The list of issues to be debated by the EC/WHO is long and includes examining the result of the WHA’s Extraordinary Session, held in November 2021, to consider the development of a convention, agreement or other international WHO instrument on the preparation and respond to pandemics. The result of this special session was pointing at the distant year of 2024, when the 77th World Health Assembly will be held, to present its conclusions and recommendations. Incompetence or irresponsibility?

Other than the pandemic, many other topics are on the list to be discussed, including non-transmissible chronic diseases, mental health, cervix cancer, epilepsy and other neurological conditions, obesity, alcohol abuse, nutrition of mothers, babies and children, innocuity of foods. In the field of infectious diseases, in addition to COVID-19 the Council will also be examining proposals and resolutions on preparation and response to public health emergencies, HIV, viral hepatitis and sexually transmitted diseases, tuberculosis, vaccines and immunization programs, polio, and influenza.

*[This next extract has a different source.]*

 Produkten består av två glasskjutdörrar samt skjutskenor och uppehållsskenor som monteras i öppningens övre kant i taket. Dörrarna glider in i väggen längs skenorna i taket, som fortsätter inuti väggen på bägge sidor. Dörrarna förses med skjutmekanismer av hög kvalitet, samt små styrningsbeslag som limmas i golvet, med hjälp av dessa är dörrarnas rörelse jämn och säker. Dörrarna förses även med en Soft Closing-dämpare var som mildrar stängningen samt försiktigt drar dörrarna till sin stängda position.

Five South-American countries have seats in the Council (Argentina, Colombia, Guiana, Paraguay and Peru), in addition to two members of the Community of Portuguese Language Countries, Guiné Bissau and Timor East. An articulation of these countries could create a consistent front of interventions and votes to influence the best possible configuration in the resolutions that will be adopted in May 2022 at the World Health Assembly. Argentina has just taken its seat as president of the United Nations Human Rights Council. Health has been gaining thematic importance in the HRC, including human rights during the pandemic, tackling the right to access to consumables to fight COVID-19.

The small club that is the CPLC is getting ready for a meeting of Ministries of Health, in February. To prevent this from being a rhetoric event, Brazil and Portugal must commit to helping African countries whose official language is Portuguese in the context of consumables to fight the pandemic, including vaccines.

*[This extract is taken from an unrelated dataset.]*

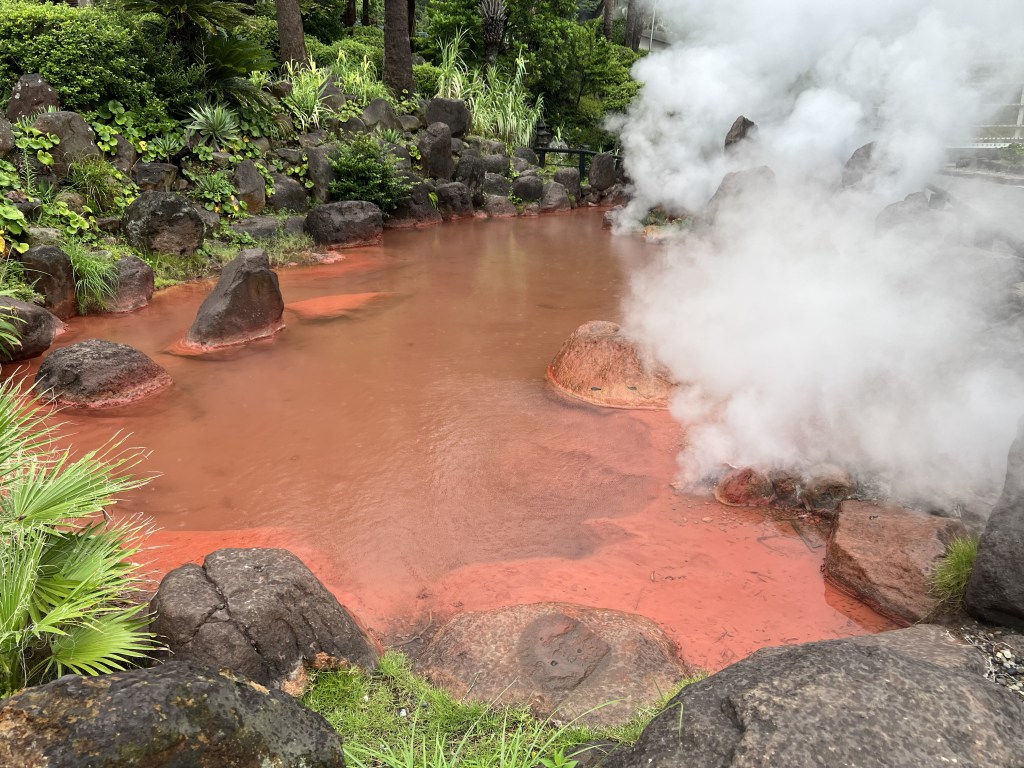 - Chinoike Jigoku (Inferno del Lago di Sangue): la più antica e forse la più fotografata, nota per il suo colore rosso vivo dovuto agli ossidi di ferro e magnesio nel terreno. L’argilla di questo inferno sembra essere un toccasana per la pelle e quindi nel negozio di souvenir all’ingresso del sito è possibile acquistare prodotti estetici realizzati con quanto prelevato dal fondo dell’inferno.

In April, China will be hosting the second part of the Biodiversity COP15. Should it fail, we know that new pandemic infirmities will be challenging humanity in the future.


The COVID-19 pandemic has shown it is actually a syndemic. A syndemic has multiple combined causes that transcend the traditional agent-host relation (coronavirus-human being), and because it has consequences that go beyond disease and death.

The coronavirus originated in environmental changes that promoted virus spilling between species, as explained by the One Health approach, and the distribution of the disease is conditioned to economic-social factors, as explained by the thousands of epidemiological studies done all over the world. On the other hand, the consequences of the pandemic deeply impact social and economic conditions all over the world, making it more difficult to return to social normalcy, as pointed out by hundreds of global reports.

A disease with multiple causes must also have multiple responses. To fight a syndemic is necessary to provide responses of all governments, all society types. Adequate national responses are not sufficient either. What we need are properly coordinated global responses.

The historical role of the United Nations in the fight against global crisis must also be activated in this COVID-19 syndemic. This pressing issue must be urgently discussed by the United Nations Assembly and by the entire global and regional multilateralism in September 2022: not only the pandemic, but also how to eliminate, reduce or mitigate socio-economic inequalities, aggressions to the planet and the political crisis of lethargy and indifference of multilateralism when facing the causes of this world that is diseased from the social, economic, environmental, and public health points of view.